━━ Record set

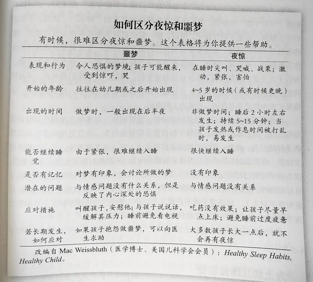 最后,4/5岁的孩子除了夜惊,也可能会因为做噩梦而突然半夜惊醒,那噩梦与夜惊如何区分呢?《美国儿科学会育儿百科》里也有两者的详细区别,爸爸妈妈们可以看一下
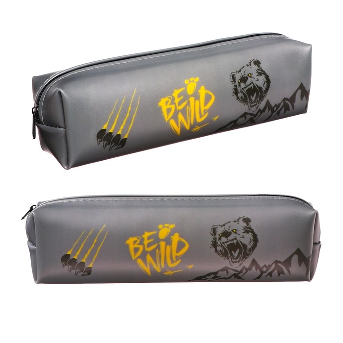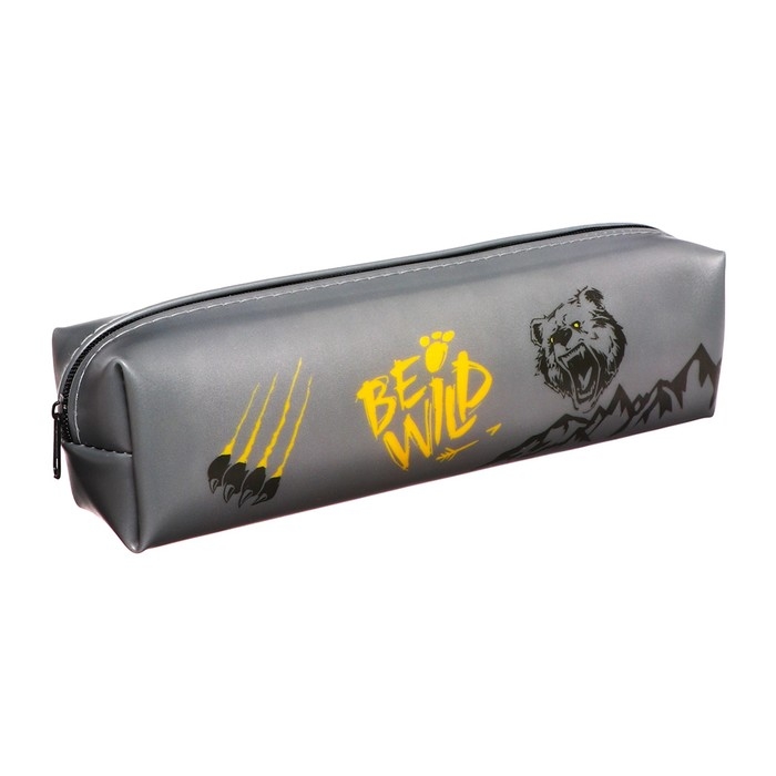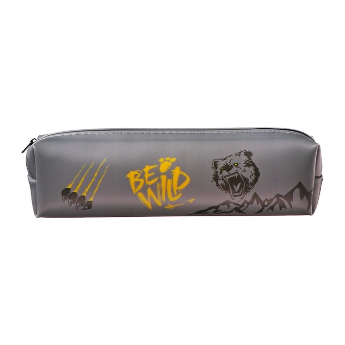 Пенал школьный на молнии "Медведь" Calligrata, серый
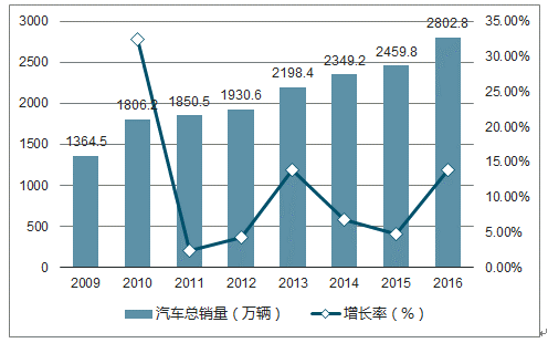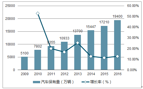 汽車起動(dòng)電池下游市場(chǎng)分為一級(jí)市場(chǎng)(配套市場(chǎng))與二級(jí)市場(chǎng)(維護(hù)市場(chǎng)),在汽車產(chǎn)銷量和保有量持續(xù)增長(zhǎng)的背景下, 汽車起動(dòng)電池市場(chǎng)規(guī)模呈現(xiàn)快速增長(zhǎng)態(tài)勢(shì)。一級(jí)市場(chǎng)是為汽車整車生產(chǎn)廠家提供配套供貨,每輛新車一般配備一只電池。二級(jí)市場(chǎng)是指存量車客戶在車輛維修保養(yǎng)過程中通過汽車零配件經(jīng)銷商、汽車 4S 店、蓄電池經(jīng)營(yíng)部和汽車修理店等經(jīng)銷商購(gòu)買蓄電池。汽車起動(dòng)電池屬于汽車零部件中的消耗品,平均壽命約 2 年,因此汽車起動(dòng)電池市場(chǎng)需求數(shù)量為新車銷量與汽車保有量一半之和。我國(guó)汽車銷量從2010年的1,806.2萬(wàn)輛增長(zhǎng)至2016年的2,802.8萬(wàn)輛,年均增長(zhǎng)率為7.60%;我國(guó)汽車保有量從 2010 年 7,802 萬(wàn)輛增長(zhǎng)至 2016 年的 19,400 萬(wàn)輛,年均增長(zhǎng)率達(dá) 16.39%。持續(xù)增長(zhǎng)的汽車銷和存量為汽車起動(dòng)電池的發(fā)展提供了良好的市場(chǎng)環(huán)境。
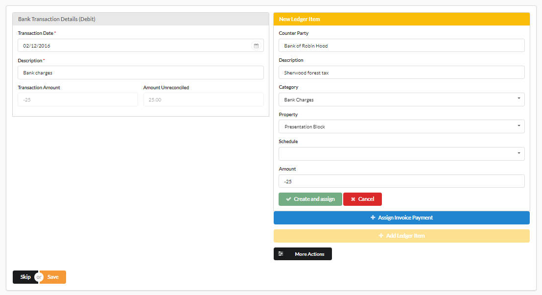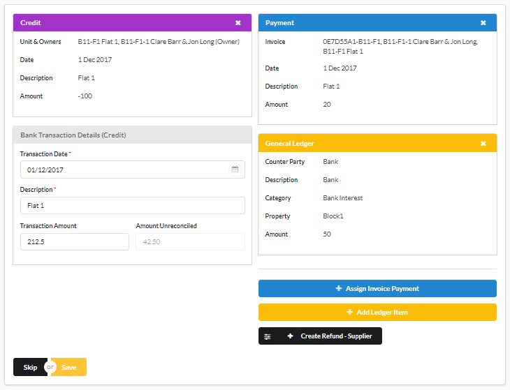 Once we have created the reconciliation we can click ‘Assign’ and either click ‘Save’ or add another to the same transaction if there is still some funds left. We can add as many of these as we would like. They will simply stack like so:
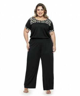 Macacão em helanca e jersey acetinado
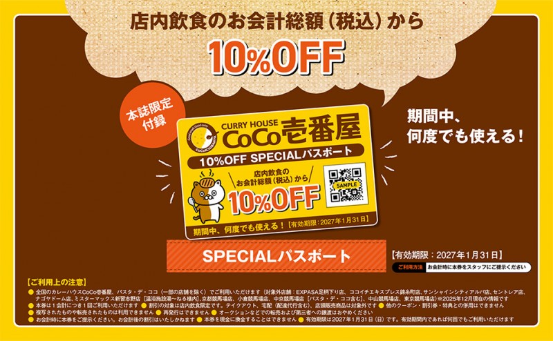 ココイチが最大1年以上10%OFFのSPECIALパスポート付きで税込1,100円! 「CURRY HOUSE CoCo壱番屋 FAN BOOK やっぱりココイチ!」が創業日の本日17日(土)発売~レインボー・ジャンボたかお、櫻坂46 井上梨名らのインタビューも
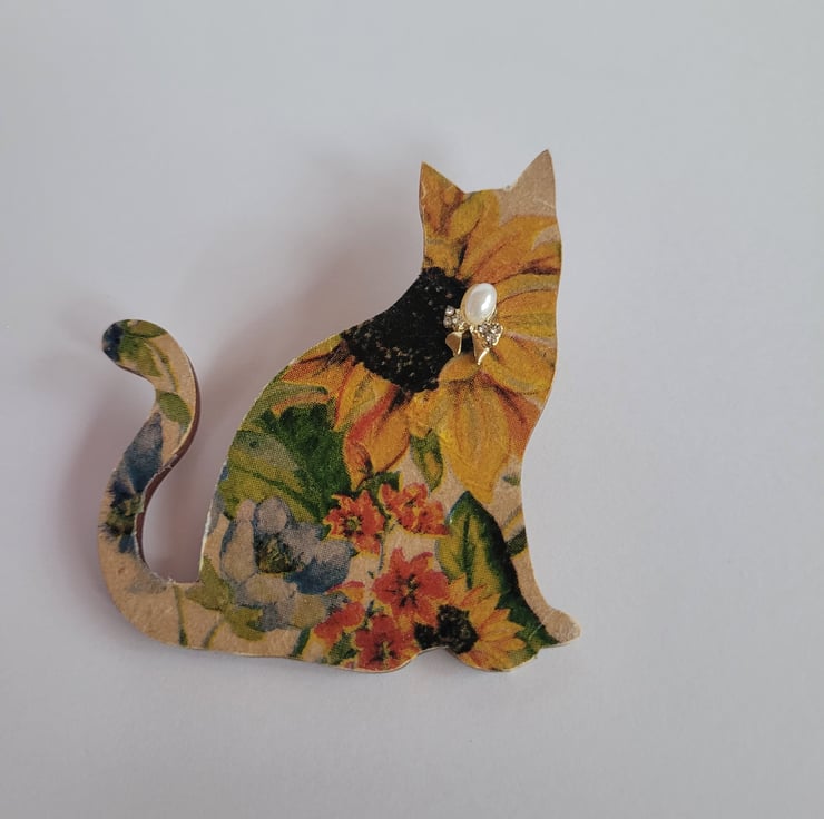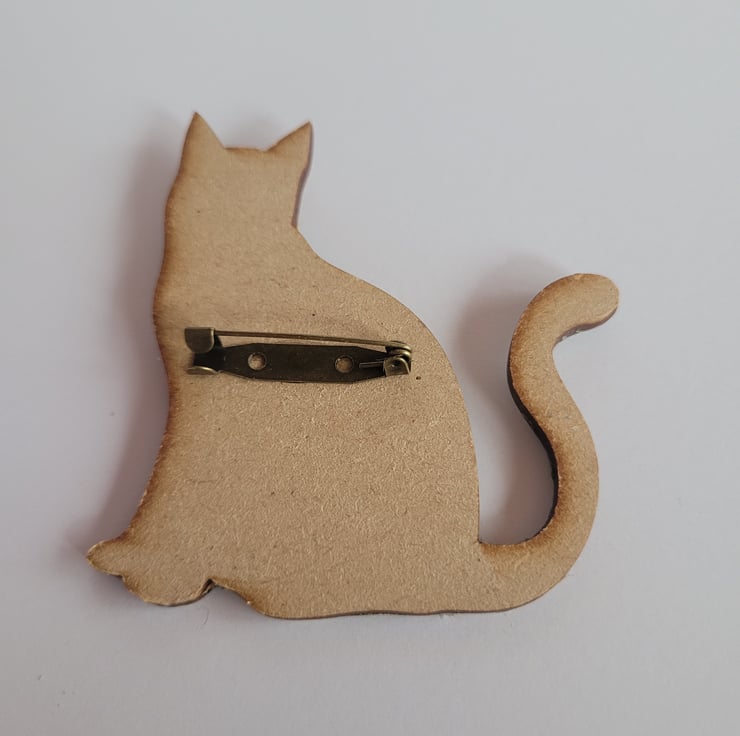 Decoupage Wooden Cat Brooch.
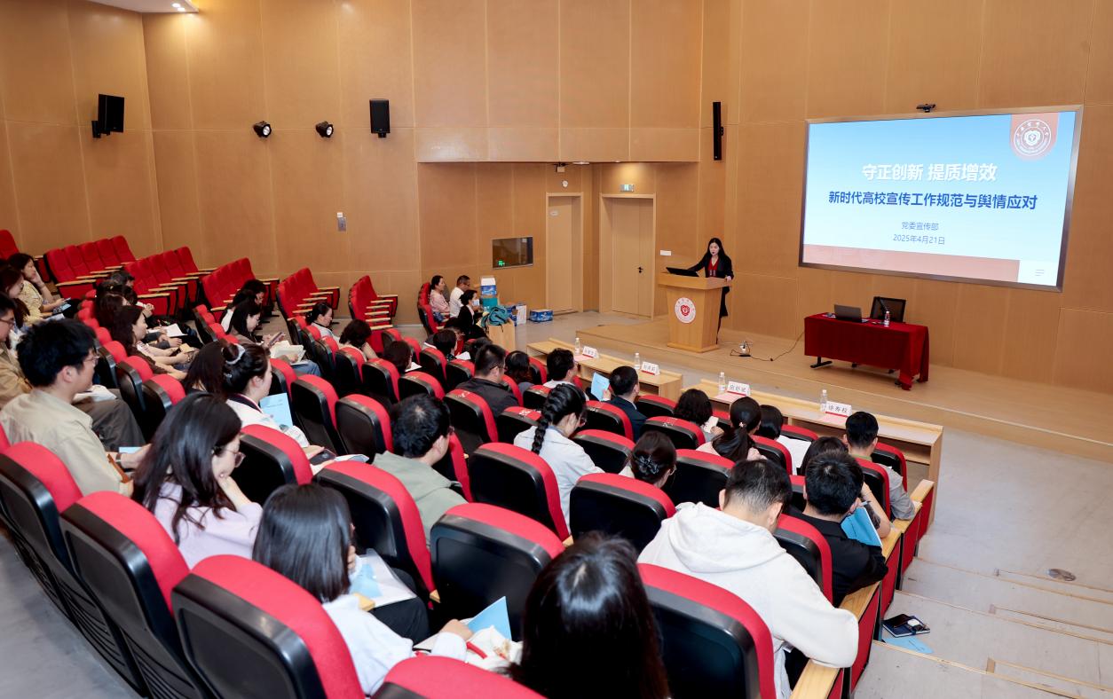 为适应新时代高校宣传思想文化工作的新形势、新任务,扎实推动学校宣传思想工作高质量发展,4月21日下午,beat365在江宁校区经管文楼111报告厅召开2025年新闻宣传与网络舆情工作培训会。会议特别邀请了中国科技新闻学会副理事长、新华网原总经理田舒斌教授作报告。新华网江苏公司相关负责人,beat365相关职能部门负责人、各二级学院党委书记、全校宣传员以及宣传部全体成员参加培训会。
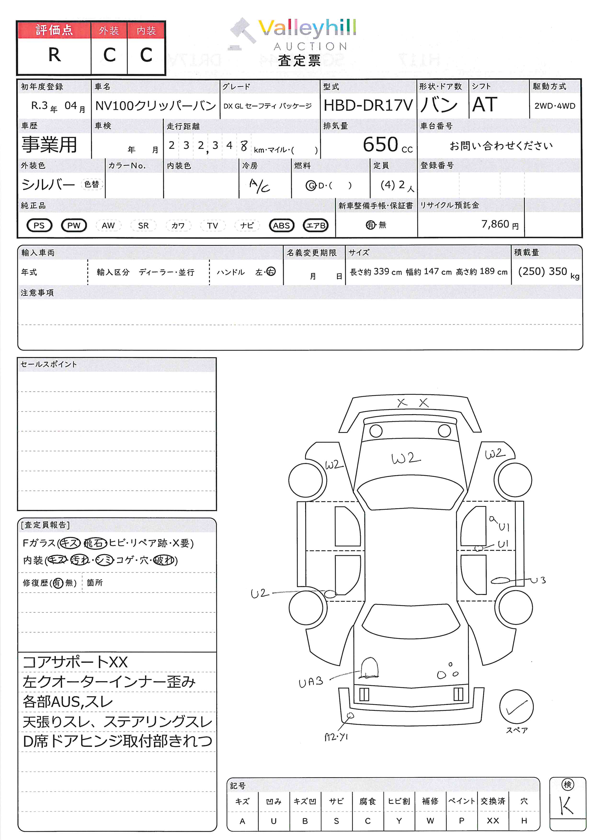 商品No. 4960 メーカー 日産 車名 NV100 クリッパーバン 型式 HBD-DR17V 車両タイプ 小型 形状 バン 評価 R評価について 現状販売 - 年式 2021年 燃料 ガソリン 排気量 0.65cc 走行距離 232348km 車台番号 DR17V-46**** 原動機型式 R06A トランスミッション AT 保管場所 ひたちなか 備考 事業用 最大積載量 350kg 車両重量 870kg 車両総重量 1330kg 長さ(L) 339cm 幅(W) 147cm 高さ(H) 189cm 登録年月 2025年04月 製造年度 車両状態 稼働時間 車検期限 駆動方法 4x2 ハンドル 右 タコ年式 2020年01月 タイヤサイズ前 タイヤサイズ後 外装色 シルバー 内装色 ドア 定員 (4) 2 備考 事業用 - エアバッグ運転席
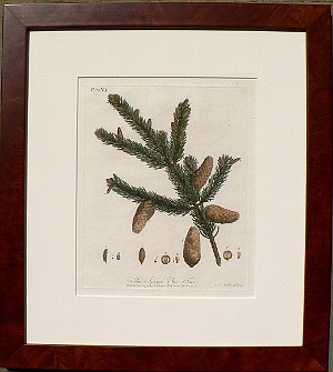 John Evelyn (1620-1796) was a prominent member of the Royal Society of London and an active member of the scientific community in the British Isles during the mid 17th century. His particular interests were horticulture and silviculture, the study of trees. This engraving was included in his best known work Silva: A Discourse of Forest -Trees… which encouraged landowners to plant trees in order to supply timber to build ships for England’s expanding navy. John Miller was the artist and engraver of the beautiful engraved illustrations. The Discourse was first published in 1664. The work went into four editions during Evelyn’s lifetime and was considered important enough to have also been published in four posthumous editions by Alexander Hunter. This engraving was included in Hunter’s 1786 edition.
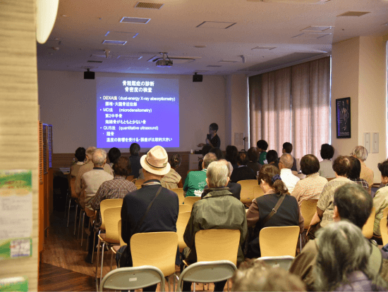 沢山の地域住民の皆さんと交流できる年1回のイベントです。医師の講演会を中心に演奏会や体力測定など様々な催しものを実施しています。およそ800人の来場があるイベントです。
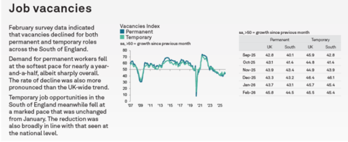 “February’s data highlights how South of England businesses are taking a more cautious stance on hiring, with the sharpest fall in permanent placements of any English region. What’s important, however, is that the pace of contraction eased to its slowest for nearly two-and-a-half years – a welcome sign that we may be approaching a turning point as businesses reassess workforce strategies.
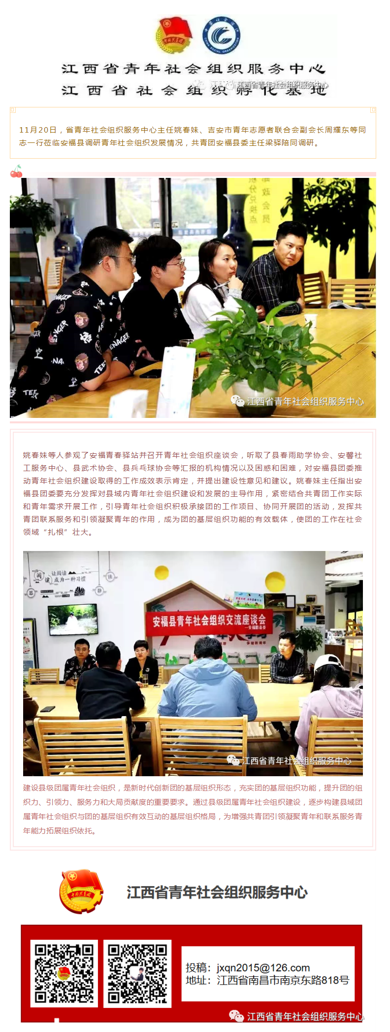 省青服中心主任姚春妹一行莅临安福县调研青年社会组织发展情况

━━━━

#### Exercise description:
Take the material above and set it down exactly, minus the images.

#### Result for this task:
 最后,4/5岁的孩子除了夜惊,也可能会因为做噩梦而突然半夜惊醒,那噩梦与夜惊如何区分呢?《美国儿科学会育儿百科》里也有两者的详细区别,爸爸妈妈们可以看一下
 Пенал школьный на молнии "Медведь" Calligrata, серый
 汽車起動(dòng)電池下游市場(chǎng)分為一級(jí)市場(chǎng)(配套市場(chǎng))與二級(jí)市場(chǎng)(維護(hù)市場(chǎng)),在汽車產(chǎn)銷量和保有量持續(xù)增長(zhǎng)的背景下, 汽車起動(dòng)電池市場(chǎng)規(guī)模呈現(xiàn)快速增長(zhǎng)態(tài)勢(shì)。一級(jí)市場(chǎng)是為汽車整車生產(chǎn)廠家提供配套供貨,每輛新車一般配備一只電池。二級(jí)市場(chǎng)是指存量車客戶在車輛維修保養(yǎng)過程中通過汽車零配件經(jīng)銷商、汽車 4S 店、蓄電池經(jīng)營(yíng)部和汽車修理店等經(jīng)銷商購(gòu)買蓄電池。汽車起動(dòng)電池屬于汽車零部件中的消耗品,平均壽命約 2 年,因此汽車起動(dòng)電池市場(chǎng)需求數(shù)量為新車銷量與汽車保有量一半之和。我國(guó)汽車銷量從2010年的1,806.2萬(wàn)輛增長(zhǎng)至2016年的2,802.8萬(wàn)輛,年均增長(zhǎng)率為7.60%;我國(guó)汽車保有量從 2010 年 7,802 萬(wàn)輛增長(zhǎng)至 2016 年的 19,400 萬(wàn)輛,年均增長(zhǎng)率達(dá) 16.39%。持續(xù)增長(zhǎng)的汽車銷和存量為汽車起動(dòng)電池的發(fā)展提供了良好的市場(chǎng)環(huán)境。
 Once we have created the reconciliation we can click ‘Assign’ and either click ‘Save’ or add another to the same transaction if there is still some funds left. We can add as many of these as we would like. They will simply stack like so:
 Macacão em helanca e jersey acetinado
 ココイチが最大1年以上10%OFFのSPECIALパスポート付きで税込1,100円! 「CURRY HOUSE CoCo壱番屋 FAN BOOK やっぱりココイチ!」が創業日の本日17日(土)発売~レインボー・ジャンボたかお、櫻坂46 井上梨名らのインタビューも
 Decoupage Wooden Cat Brooch.
 为适应新时代高校宣传思想文化工作的新形势、新任务,扎实推动学校宣传思想工作高质量发展,4月21日下午,beat365在江宁校区经管文楼111报告厅召开2025年新闻宣传与网络舆情工作培训会。会议特别邀请了中国科技新闻学会副理事长、新华网原总经理田舒斌教授作报告。新华网江苏公司相关负责人,beat365相关职能部门负责人、各二级学院党委书记、全校宣传员以及宣传部全体成员参加培训会。
 商品No. 4960 メーカー 日産 車名 NV100 クリッパーバン 型式 HBD-DR17V 車両タイプ 小型 形状 バン 評価 R評価について 現状販売 - 年式 2021年 燃料 ガソリン 排気量 0.65cc 走行距離 232348km 車台番号 DR17V-46**** 原動機型式 R06A トランスミッション AT 保管場所 ひたちなか 備考 事業用 最大積載量 350kg 車両重量 870kg 車両総重量 1330kg 長さ(L) 339cm 幅(W) 147cm 高さ(H) 189cm 登録年月 2025年04月 製造年度 車両状態 稼働時間 車検期限 駆動方法 4x2 ハンドル 右 タコ年式 2020年01月 タイヤサイズ前 タイヤサイズ後 外装色 シルバー 内装色 ドア 定員 (4) 2 備考 事業用 - エアバッグ運転席
 John Evelyn (1620-1796) was a prominent member of the Royal Society of London and an active member of the scientific community in the British Isles during the mid 17th century. His particular interests were horticulture and silviculture, the study of trees. This engraving was included in his best known work Silva: A Discourse of Forest -Trees… which encouraged landowners to plant trees in order to supply timber to build ships for England’s expanding navy. John Miller was the artist and engraver of the beautiful engraved illustrations. The Discourse was first published in 1664. The work went into four editions during Evelyn’s lifetime and was considered important enough to have also been published in four posthumous editions by Alexander Hunter. This engraving was included in Hunter’s 1786 edition.
 沢山の地域住民の皆さんと交流できる年1回のイベントです。医師の講演会を中心に演奏会や体力測定など様々な催しものを実施しています。およそ800人の来場があるイベントです。
 “February’s data highlights how South of England businesses are taking a more cautious stance on hiring, with the sharpest fall in permanent placements of any English region. What’s important, however, is that the pace of contraction eased to its slowest for nearly two-and-a-half years – a welcome sign that we may be approaching a turning point as businesses reassess workforce strategies.
 省青服中心主任姚春妹一行莅临安福县调研青年社会组织发展情况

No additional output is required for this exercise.